Ranaya tidak tahu hubungan apa yang sedang dijalaninya dengan Dimas. Lelaki itu mengaku sudah putus dari Nisa, dan menyatakan perasaan padanya, tapi entah kenapa dia tidak langsung menerimanya. Padahal dulu jelas meminta cerai karena merasa mencintai Dimas. 

Namun, sekarang Ranaya merasa bimbang dengan perasaannya sendiri. Jadi status mereka hanya teman yang sangat dekat, karena Dimas selalu memberikan perhatian. 

Aksan tersenyum senang. Dalam hati bahagia mengetahui Ranaya belum ada yang memiliki. 

Senyuman itu tertangkap ekor mata Ranaya. Wanita itu menoleh cepat. "Senang, ya, liat orang jomlo, mentang-mentang sudah punya calon," sergahnya kesal. 

Lift sudah sampai di lantai tujuan dan pintu terbuka, tapi mantan pasangan itu malah lanjut berdebat hingga pintu tertutup kembali. 

Aksan mengerutkan dahi, memandangi Ranaya. "Tahu dari mana?" 

"Ada, deh." Ranaya menjawab asal, padahal dia mengetahui hal itu dari ibunya. 

Waktu itu Diana pernah menanyakan tentang perceraian pada Ranaya. Apa sudah diresmikan di pengadilan atau belum. Karena Diana mendengar kalau Aksan akan segera menikah lagi. 

"Memang Kakak, sudah urus perceraian kita di pengadilan agama?" 

"Kenapa aku yang harus mengurus? Kan kamu yang minta cerai, jadi urus sendiri," ucap Aksan acuh. 

"Aku gak punya uang, urus akta cerai ada biayanya." Ranaya memalingkan muka, malu. 

Kebahagiaan Aksan berkuadrat. Ranaya tidak bisa mengurus akta cerai, berarti jandanya itu tidak akan bisa menikah lagi setidaknya secara resmi. Dia masih menaruh sedikit harapan mantan istrinya mau rujuk. 

"Ran, aku tidak akan menikah kalau kamu tidak menikah lebih dulu." Aksan berucap seriu sambil menatap mata Ranaya. 

Perempuan itu membalas tatapan mantan suaminya dan entah kenapa dia jadi terdiam, seperti ada sesuatu yang lembut menyentuh perasaannya. Apa mungkin karena penegasan Aksan yang tidak akan move on kalau dia tidak dimiliki lelaki lain lebih dulu. 

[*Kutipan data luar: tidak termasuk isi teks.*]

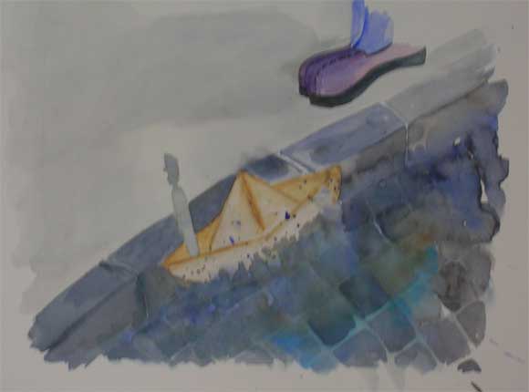 -In dem Papierschiffchen, das den Rinnstein entlang gefahren kam, stand ein Zinnsoldat und die Jungen sahen, dass er nur ein Bein hatte......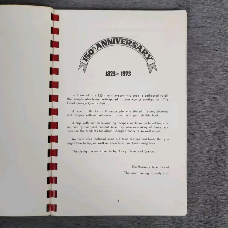 Book Title: The Geat Geauga County Fair 1823-1973 Narrative Type: Nonfiction Original Language: English Vintage: Yes Publication Year: 1973 Type: Activity Book Format: Paperback Language: English Author: Mixed Authors Features: Spiral Bound Genre: Cookbooks Topic: Baking, Classic Recipes, Cooking, Desserts, Food, Soups, Home Cooking, Christmas Cookies, Comfort Food, Nostalgia, Side Dishes, Appetizers, Holiday Recipes, Thanksgiving Dinner, Family Gatherings Country/Region of Manufacture: United States

Ranaya keluar setelah pintu lift kembali terbuka. Ada beberapa orang yang menunggu di depan pintu lift. Tujuan perempuan itu makan siang terpaksa batal. Mendadak seperti ada yang bergejolak dalam perutnya dan menimbulkan perasaan mual, saat aroma makanan menembus indra penciuman dan pening di kepalanya tiba-tiba datang. Padahal dia baru saja selangkah masuk melewati pintu kantin. 

Ranaya membelokkan langkah buru-buru ke toilet, memuntahkan isi lambungnya. Dia berasumsi tanpa dasar, pening di kepalanya gara-gara Aksan yang membuatnya kesal tadi.